American actress (born 1982 or 1983)

Bevin Anne Prince (born ) is an American former actress and current fitness instructor, who is best known for her role as Bevin Mirskey on The CW's hit series One Tree Hill.

==Early life==
Prince was born in Charlotte, North Carolina, and her family moved to Cary, North Carolina. She attended Martin Middle School where she was a member of a cheerleading squad that won first place in the Wake County Cheerleading Contest.

For high school, she attended Saint Mary's School, a private all-girl Episcopal prep school in Raleigh, North Carolina, where she performed in musical theater. After graduating from high school in 2000, Prince attended North Carolina State University, but transferred to the University of North Carolina Wilmington.

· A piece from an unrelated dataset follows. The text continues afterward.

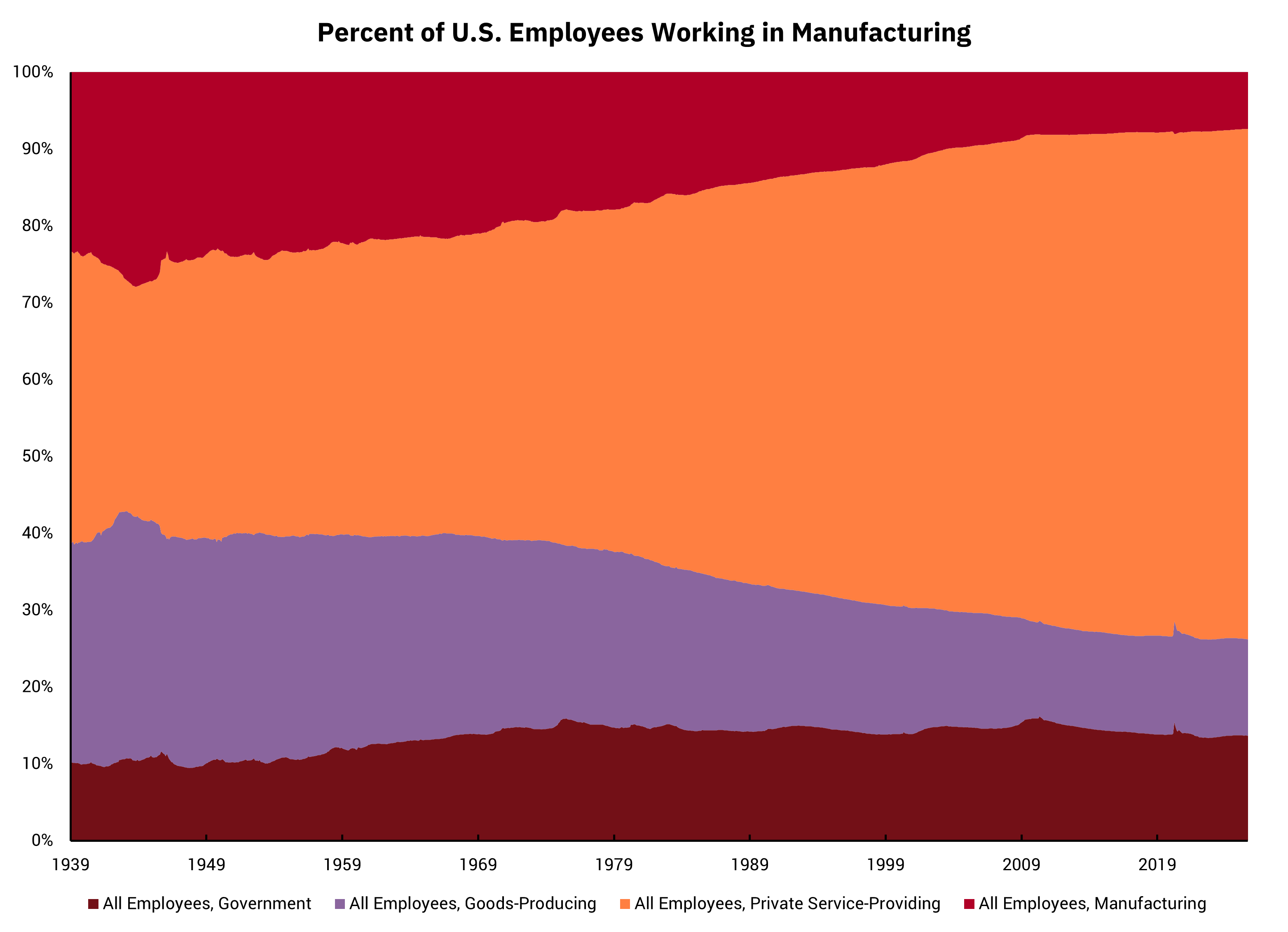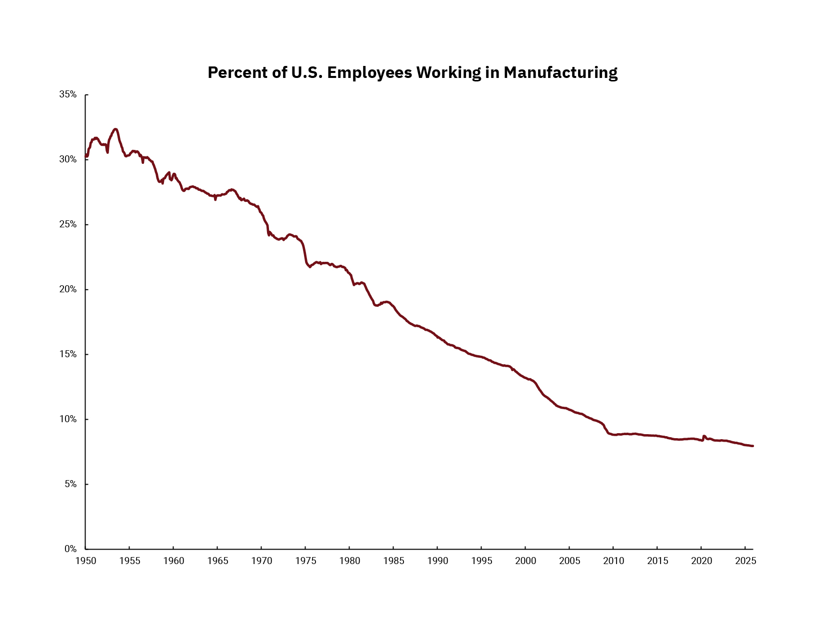 By comparison, in August 2025, only 13.6% of U.S. employees worked at a manufacturing jobs, which pay an average of $29 an hour, or $1,160 a week for a 40-hour work week, according to BLS statistics. In other words, although the pay for manufacturing jobs has increased over time, the percentage of Americans working in those jobs has decreased substantially.

There, she was a member of the Seahawk Dance Team (2002–2003) and graduated in the first class of UNC Wilmington's new film studies program.

To prepare for more advanced roles, Prince attended the New York Film Academy, and also earned a MFA from Savannah College of Art and Design.

==Career==

=== Television ===
While still a student at UNC Wilmington in 2004, Prince was cast as an extra and played a cheerleader on the WB (later The CW) television series One Tree Hill. The cheerleader role evolved into Bevin Mirskey, a major recurring role from season one through four. Prince appeared in 41 episodes of One Tree Hill, including returning for the series finale in season nine. However, Prince says they worked sixteen to eighteen-hour days and only earned $75 a day in the early seasons.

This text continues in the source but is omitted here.